AFRE’s Brent Ross, assistant professor of food industry management, believes now is the perfect time to study how rising public interest in food can create opportunities for entrepreneurs.

“It’s really an exciting time in food and agriculture because there’s a lot of innovation and new business models are being introduced to the marketplace,” Ross said. “One of the reasons for this is that the food system has become more fragmented, and this creates entrepreneurial opportunities for new and existing food businesses. My research focuses on the strategies and new business models that food firms have used to exploit these opportunities.”

His latest focus is on food hubs, which work to aggregate and distribute locally grown and processed foods to mainstream commercial outlets such as grocery stores and cafeterias.
In 2014, Ross received a $495,000 competitive grant from the U.S. Department of Agriculture’s Agriculture and Food Research Initiative (AFRI). Working with AFRE colleague Rob Shupp
and two professors from the University of Missouri, Ross will study how food hubs are organized and how they create value. Food hubs generally focus on providing source-identified or values-based products for distribution and sale; some also are involved in training food entrepreneurs or in operating farmers’ markets, Ross said.

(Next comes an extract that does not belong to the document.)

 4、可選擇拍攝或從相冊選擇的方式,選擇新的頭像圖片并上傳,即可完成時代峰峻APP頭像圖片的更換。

“The food system is moving away from standardized food products and looking to provide innovative food solutions,” he said. “We’re also seeing food being used not just for sustenance  but to provide other benefits, including giving consumers an avenue to communicate their values. These changing preferences can create opportunities for entrepreneurs.”

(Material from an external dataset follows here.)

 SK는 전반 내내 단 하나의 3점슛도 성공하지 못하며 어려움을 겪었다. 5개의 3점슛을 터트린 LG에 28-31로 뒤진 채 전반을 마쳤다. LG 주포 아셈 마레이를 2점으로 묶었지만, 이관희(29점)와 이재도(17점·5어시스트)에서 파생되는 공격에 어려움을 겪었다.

Ross’s prior research on entrepreneurship in the Midwest wine and grape industry helped set the stage for the food hubs project. In 2012, he joined professors from the University of Missouri and Cornell University in winning a $499,000 competitive grant to look at new strategies to help wineries in Michigan, Missouri and New York survive and grow.

Not all of Ross’s research is on small firms. He also is exploring the ways in which large food companies have taken advantage of consumers’ burgeoning social conscience to expand their businesses and extend their reach.

“They’re looking to increase their citizenship, and that can be good for business,” Ross said. “Companies that used to talk about the bottom line now refer to ‘the triple bottom line’ – incorporating economic, environmental and social costs into their decision making.”

At MSU, Ross has been able to extend these research interests into the classroom. 

“As much as possible, I use examples from my research as mini-case studies for students in class,” Ross said. “I’ve found that students learn best from getting their ‘hands dirty’ with real problems, and the truth is, I end up learning a lot from them as well.”

A Canadian by birth, Ross grew up on a dairy farm outside Stratford, Ontario. After receiving his bachelor’s degree from the University of Guelph, he moved to the United States for graduate study in 2000. He completed a master’s degree in agricultural finance at the University of Illinois,  where he continued for a Ph.D. in food and agribusiness management.

Settling in mid-Michigan has been a good geographic and cultural compromise between his native Ontario and earlier home in Illinois, he said. His interest in entrepreneurial opportunities and the organization of the food system “is one I think will be fruitful going forward. I foresee a significant amount of demand for research and teaching in this area,” Ross said.